Second, Heft reminds us that the Catholic intellectual tradition is embedded in specific beliefs and practices. These practices include liturgical rites and prayer. Catholic identity and distinctiveness substantially suffers when a university loses its liturgical center, when the opening Mass of the academic year is attended by only a very small fraction of faculty and students, and when an emphasis upon competitiveness in the intellectual “market” or social-justice activism leaves no room for the purifying discipline of prayer and contemplation.
May Heft’s prescient and prophetic piece be read widely and discussed across Catholic campuses.
MICHON M. MATTHIESEN
Los Angeles, Calif.
In his article “Why the Rush?” (March 12), Peter Quinn suggests that while Pope Pius XII wasn’t a villain, “he was a man of his time, defined (compromised?) to one degree or another by his career as a diplomat and church official with commonly held values and views, including a low opinion of Jews and Judaism.” In fact, Mr. Quinn’s suggestion that the pope might have had a low opinion of Jews is contradicted by a lot of evidence.
Eugenio Pacelli, the future Pope Pius XII, actually went to school with Jews such as Guido Mendes. In 1939, the Vatican helped Mendes and his family obtain exit visas so they could escape to Palestine. Mendes settled in the Tel Aviv suburb of Ramat Gan and became a prominent physician in Israel. When Pius XII died on October 8, 1958, Dr. Mendes fondly remembered his classmate in an interview with the Jerusalem Post.
While he was still serving as aide to Vatican Secretary of State Pietro Cardinal Gasparri, Pacelli helped organize a meeting between Pope Benedict XV and Nahum Sokolow, the Zionist leader, in 1917. In March, 1940, when Italy’s anti-Semitic laws went into effect, Pope Pius XII appointed several displaced Jewish scholars, including the geographer Roberto Almagia, to posts in the Vatican Library. An editorial in the Kansas City Jewish Chronicle (March 29, 1940) said that these appointments showed the pope’s “disapproval of the dastardly anti-Semitic decrees.”

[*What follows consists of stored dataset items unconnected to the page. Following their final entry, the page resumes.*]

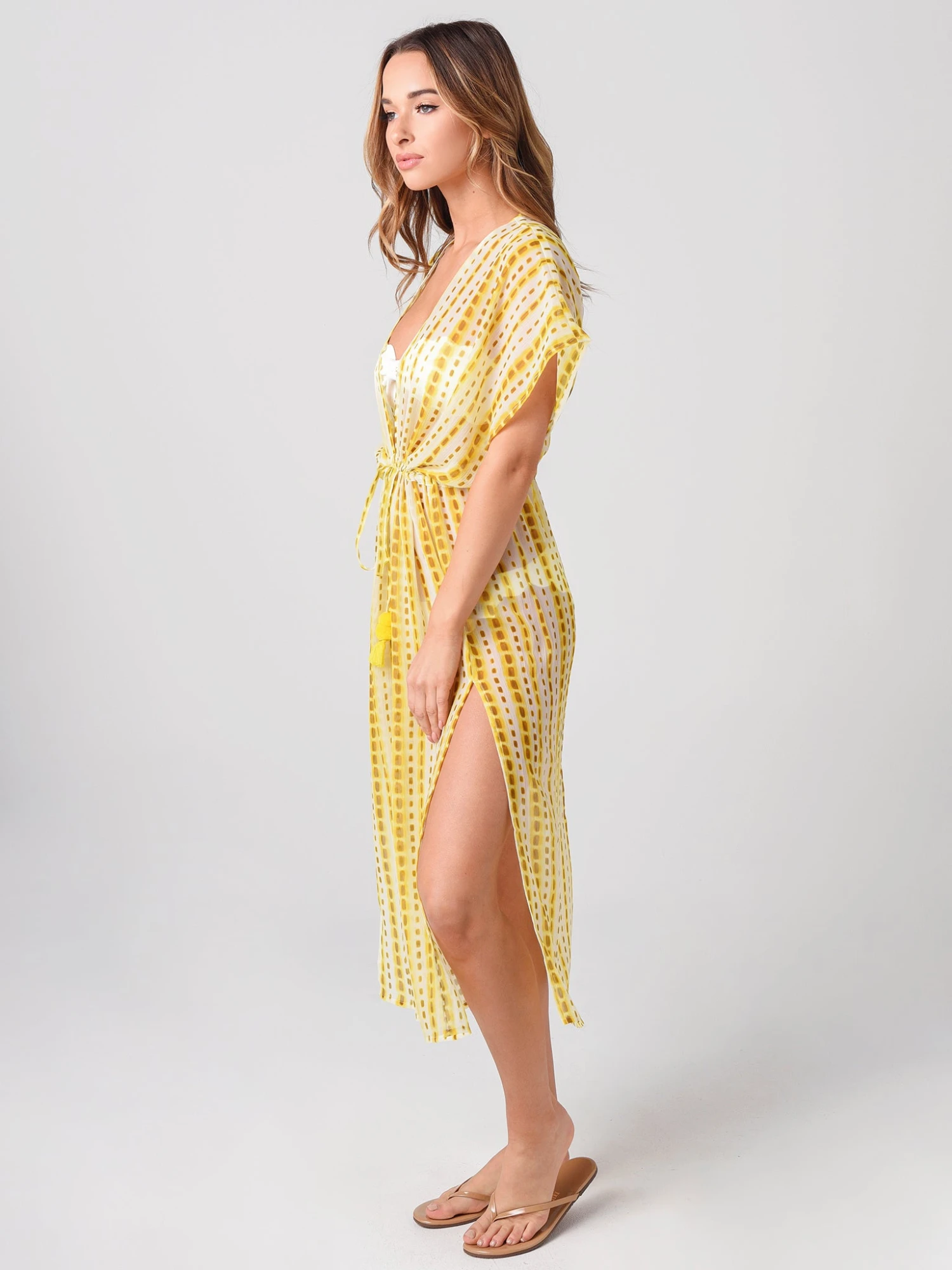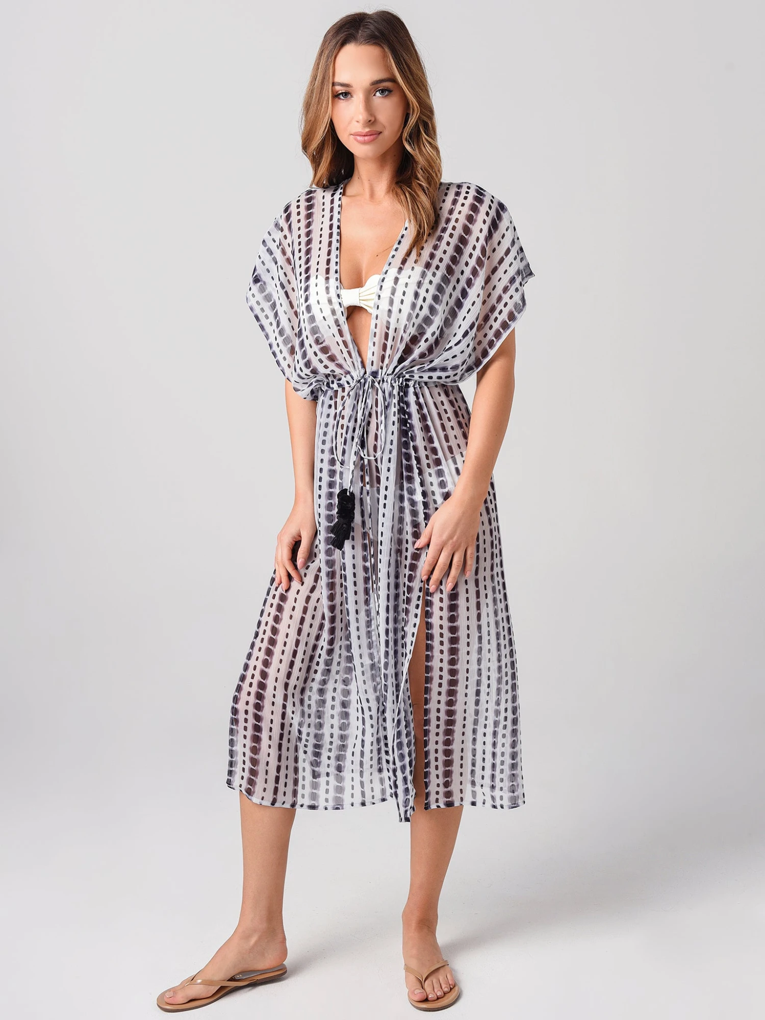 FEATURES:Cover-Up/CaftanMidi-LengthOpen Front, Waist Cincher TiesTassel DetailAll-Over Shibori PrintLightweight100% PolyesterModel is wearing size Small cover-up.Model’s Measurements: Height: 5’9″; Bust: 32C; Waist: 24.5″; Hips: 36″; Dress Size: 2 (US)
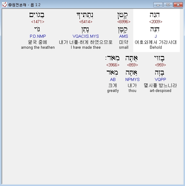 히브리어구약BHS,2 הִנֵּה קָטֹן נְתַתִּיךָ בַּגֹּויִם בָּזוּי אַתָּה מְאֹד׃
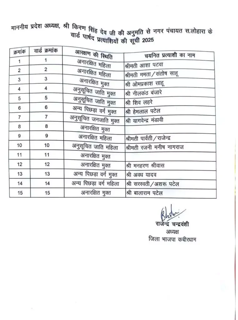 भाजपा ने जांजगीर-चांपा, कवर्धा और रायगढ़ नगर पंचायत के लिए प्रत्याशियों की लिस्ट जारी कर दी है।
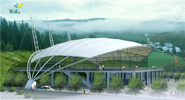 建筑設(shè)計節(jié)點(diǎn)設(shè)計與膜建筑總體設(shè)計協(xié)調(diào),選擇相適應(yīng)的材料與工藝,同時滿足不同建筑環(huán)境的防腐、防水要求。至于節(jié)點(diǎn)美觀是無論如何重視都不過分,任何節(jié)點(diǎn)設(shè)計都應(yīng)放到特定局 部與整體環(huán)境。

An article from the Congress Weekly (July 14, 1944), the journal of the American Jewish Congress, reported that the pope helped secure kosher food for Jewish refugees who were being sheltered in the Vatican during the Nazi occupation of Rome in 1943–44. After the Allies liberated Rome, the pope even blessed a Jewish soldier from Palestine in Hebrew. In 1957, during an audience granted to members of the American Jewish Committee, the pope issued a strong statement condemning anti-Semitism and praised the committee’s work in fighting bigotry in the United States.

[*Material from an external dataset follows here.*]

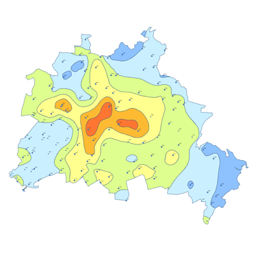 Verteilung der Grundwassertemperatur für den Bezugshorizont 0 m NHN und für 20 m unter Geländeoberfläche. In dieser Tiefe unterhalb der neutralen Zone findet absolut keine jahreszeitlich Beeinflussung durch die Sonneneinstrahlung statt. Die Erwärmung vom Stadtrand zum Stadtzentrum ist auf anthropogene Beeinflussung zurückzuführen. Die Karte basiert auf Kriging-Interpolation von Messungen an 124 Grundwassermessstellen im Jahr 2010.
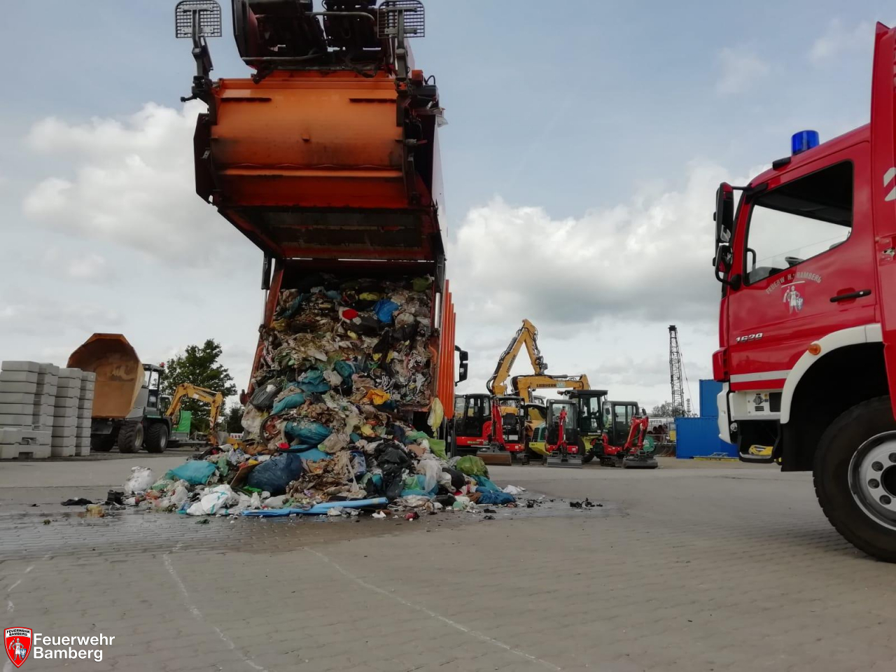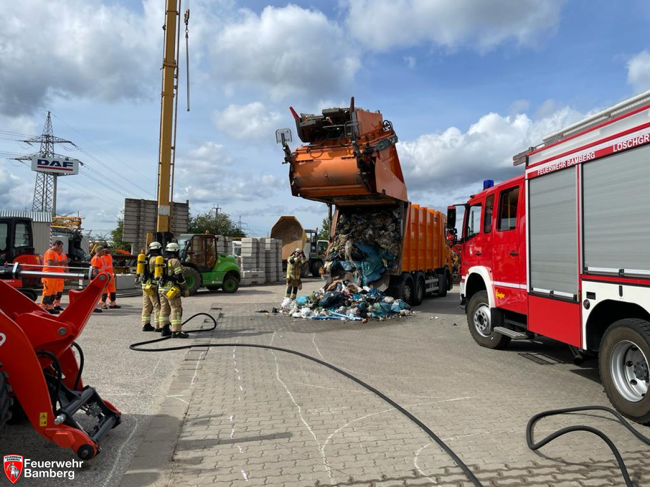 Um 12:43 wurde die Feuerwehr Bamberg in den Bamberger Norden zu einem beginnenden Lkw-Brand alarmiert. Mitarbeitende des Bamberg Service meldeten Rauch- und Flammenentwicklung aus dem Laderaum ihres Müllentsorgungsfahrzeugs. Bis zum Eintreffen der Einsatzkräfte wurde bereits die Laderaumluke geöffnet und mit dem Abladen des brennenden Unrats auf dem Gelände einer ansässigen Firma begonnen.

As we consider Pius’s worthiness for canonization, I think we should also remember his other achievements, many of which have been forgotten. He encouraged scholars to use scientific methods to analyze biblical texts, agreed that Catholics could accept the theory of evolution, called on women to enter public life, and opened the door to replacing Latin in the liturgy with the vernacular. Popes John XXIII, Paul VI, John Paul II, and Benedict XVI have all credited Pius XII with laying the theological groundwork that made the Second Vatican Council (1962–65) possible.
The cause for Pius XII’s canonization was introduced in 1965. It seems odd, then, for Quinn to suggest that the process has been rushed. In order for the Vatican to canonize Pius XII, two miracles attributed to him have to be verified. In effect, the canonization process is now in the hands of God.